I have been obsessed with sport from a very young age, both participating and watching. At School, my parents were incredibly supportive and my brother and I got involved in horse riding to a high level, tennis, athletics, skiing and many more sports. Almost every weekend we were away competing in one sport or another, and every day I was doing some form of training (whether I realised it or not at the time), playing hours of basketball on the uneven back lane where my dad had erected a net, or hitting tennis balls against the garage wall, or biking through the woods behind the house. I watched a lot of sport and would religiously watch Trans World Sport on Channel 4 on a Saturday morning to catch-up on all the worlds sporting news (no internet back then with instant updates!). I would watch every sport ... apart from Lawn Bowls (not the best sport for TV, but great fun to play!). I really wanted to study sports science at Uni, but my parents (with their best interests at heart) said there was no future in sports science. Instead, I went off to Aberdeen Uni and studied physical geography, which I enjoyed, but wasn't passionate about.

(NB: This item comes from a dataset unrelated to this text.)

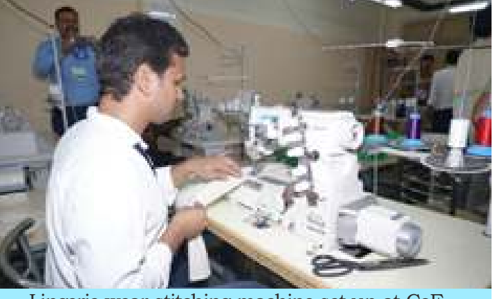
Lingerie wear stitching machine set up at CoE, Hyderabad

Apart from these, several other representatives from local/regional sectoral units consisting of doyens of the Industry were also present.

As a teenager, I had competed in Modern Pentathlon, but Aberdeen didn't have a modern pentathlon club, so I ended up joining the triathlon club, and that's when I got into cycling. I was an OK triathlete, and was ranked number one junior in Scotland, but poor swimming and dodgy Achilles meant I couldn't excel. I did, however, spend hours reading training books and magazines, and watched a massive amount of sport really developing an understanding of what made successful athletes excel. A year in Australia introduced me to the ozzie work ethic and focus on technique - what a great learning year that was. It was at this time that I made the switch to XC mountainbiking, partly because I was not enjoying triathlon and partly because I wanted a new challenge. It certainly was that. My technical ability back then was non existent and fear prevented me even thinking about line choice.

At the same time I switched to mountainbiking, I ended up doing a PhD at St Andrews Uni (still in physical geography), and this is where my passion for science and analysis really developed. It was also when I got into filming. I was captain of the Uni cycling club and there was a University-wide filming competition, so we decided to enter. I found myself at 4 am in the morning editing and completely unaware of the time and enjoying the whole process far more than my PhD (I had found my true passion). This is also where my passion for filming downhill developed and when I started to see the potential for using video in analysis and line choie.

All I needed to do now was to combine all three of my passions - sports, filming and science (analysis) - in one career and I would be laughing. It took a while, but I've finally done that, and come full circle, to be operating as a sports scientist and offering a sports performance analysis service, where I get to do video analysis, analyse masses of data from my Catapult S5s and watch sport for a living. Who knows where I would have ended up if I'd done a sports science degree straight out of school, but I'm glad I took this convoluted route, because I'm now getting to analyse the amazing sport of downhill mountainbiking, and see where time is won and lost on the world cup circuit!